A finales de junio de 1994, la policía entró en un domicilio de Florida (EEUU) y encontró los cuerpos sin vida de Casimir Sucharski, el dueño de un local nocturno, y dos de sus bailarinas, Sharon Anderson y Marie Rodgers. Hubo dos acusados, Seth Peñalver y Pablo Ibar. Tras celebrarse tres juicios, ambos fueron condenados a muerte. Ibar y su familia hicieron lo posible porque se revisase la condena. Hasta hoy, que siguen luchando por demostrar su inocencia.

SÓLO SE HAN RESUELTO DOS DE LAS SIETE MOCIONES PRESENTADAS

A pesar de la anulación de la condena por parte del Tribunal Supremo, la Fiscalía del Estado ha vuelto a pedir para él una condena a muerte y el nuevo juicio no tiene todavía fecha de celebración. Es más, en el último año sólo se han debatido cuestiones previas, y solo dos de las siete mociones presentadas por la defensa: una primera para pedir su libertad provisional, que fue denegada, y una segunda para que no se admita el testimonio de un testigo, Gary Foy, que la defensa entiende que en el primer juicio estuvo "dirigido por la Policía". El juez aún tiene que dictaminar sobre esta segunda.
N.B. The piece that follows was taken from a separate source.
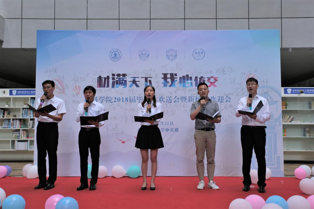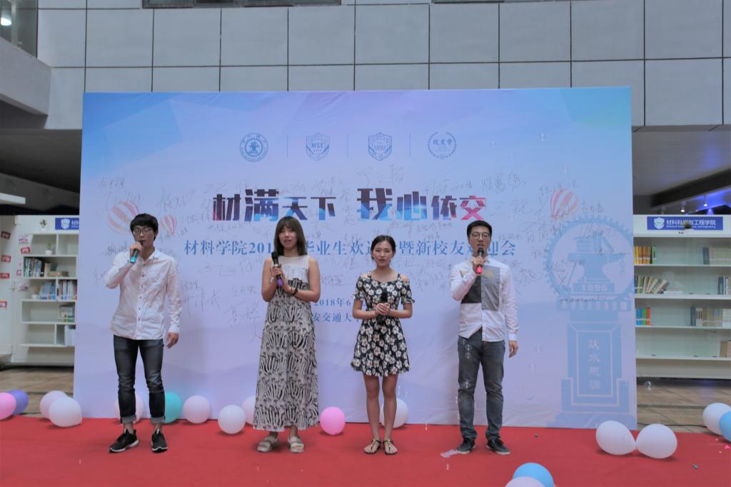 6月22日,新葡的京集团8814在新材料大楼二楼大厅举办以“材满天下,我心依交”为主题的2018届毕业生欢送会暨新校友欢迎会。新葡的京集团8814书记潘希德、副院长王红洁、马飞,副书记魏炜,院长助理朱晓东,表面室主任马大衍,崇实书院院务主任张丹,材料学科校友会执行会长李健、秘书长赵希虎、副会长魏长青、柯宏斌,1981级金相专业校友李志红及100余名本、硕毕业生参加晚会。晚会由硕士毕业生白清林、徐婷婷、井津域主持。

Krakenbergen ha dado por hecho que el juicio no se celebrará este año. "Lo malo es que no hay fecha, pero seguimos todo lo fuertes que sea posible hasta que podamos", ha dicho Cándido Ibar, padre de Pablo. Según ha relatado, su hijo está fuerte y bien de salud, aunque "hasta cierto punto, desesperado". En la prisión en la que se encuentra ahora, la del Condado de Broward (Florida), tiene "más presión y más miedo", ya que en la de antes tenía "más seguridad y conocía a la gente y a los guardias".

UN PROCESO LARGO

A pesar de que han pasado 16 años esperando su ejecución, Pablo Ibar y su familia siguen teniendo esperanza. "El problema es que esto es muy largo y no sabemos cuándo se repetirá el juicio, pero está muy fuerte. No sé cómo lo hace", explica su padre. "Para nosotros, la repetición del juicio es la última oportunidad para Pablo, porque estamos desesperados", insiste Krakenberger a su lado.

Ha explicado que la campaña de microfinanciación se lanza con la esperanza de poder cubrir el presupuesto de la defensa, de 1.300.000 dólares, que cubre los honorarios de un equipo de abogados y el coste de las pruebas periciales. Hasta el momento se ha enviado a Estados Unidos el 57,55% de ese presupuesto, es decir, 748.150 dólares, y con cargo a los presupuestos de diversas instituciones públicas se han conseguido 161.530 dólares. Todo ello significa que queda por recaudar 390.319 dólares, es decir, 348.507 euros, que es el objetivo de la campaña a la que se puede acceder en la página web de la asociación.

"Queremos que Pablo tenga una defensa de calidad, que fue lo que le falto en el primer juicio. Y eso en Estados Unidos es dinero", dice Karkenberger, que ha recordado que el primer abogado de Pablo fue detenido y acusado de violencia machista, por lo que no estaba en condiciones de llevar el caso.

Aquel abogado tampoco presentó la pericial con la que debía intentar que no se admitiese como prueba, por no tener suficiente calidad, el vídeo de la cámara de seguridad que finalmente sirvió para inculparlo junto con el testimonio del testigo. La nueva defensa volverá a intentar que no se admita como prueba.

2832 PERSONAS EN ESPERA DE EJECUCIÓN

Por su parte, Esteban Beltrán, director de la Sección Española de Amnistía Internacional, ha lamentado el repunte que se está produciendo este año en la pena de muerte en Estados Unidos a pesar de que la tendencia era descendente.

Ha recordado que 19 estados han abolido la pena de muerte y otros 31 la mantienen y que el año pasado hubo en Estados Unidos 20 ejecuciones y 32 condenas a muerte y por vez primera no figuró entre los cinco primeros países con más sentencias de este tipo, aunque aún hay 2.832 personas en espera de ejecución.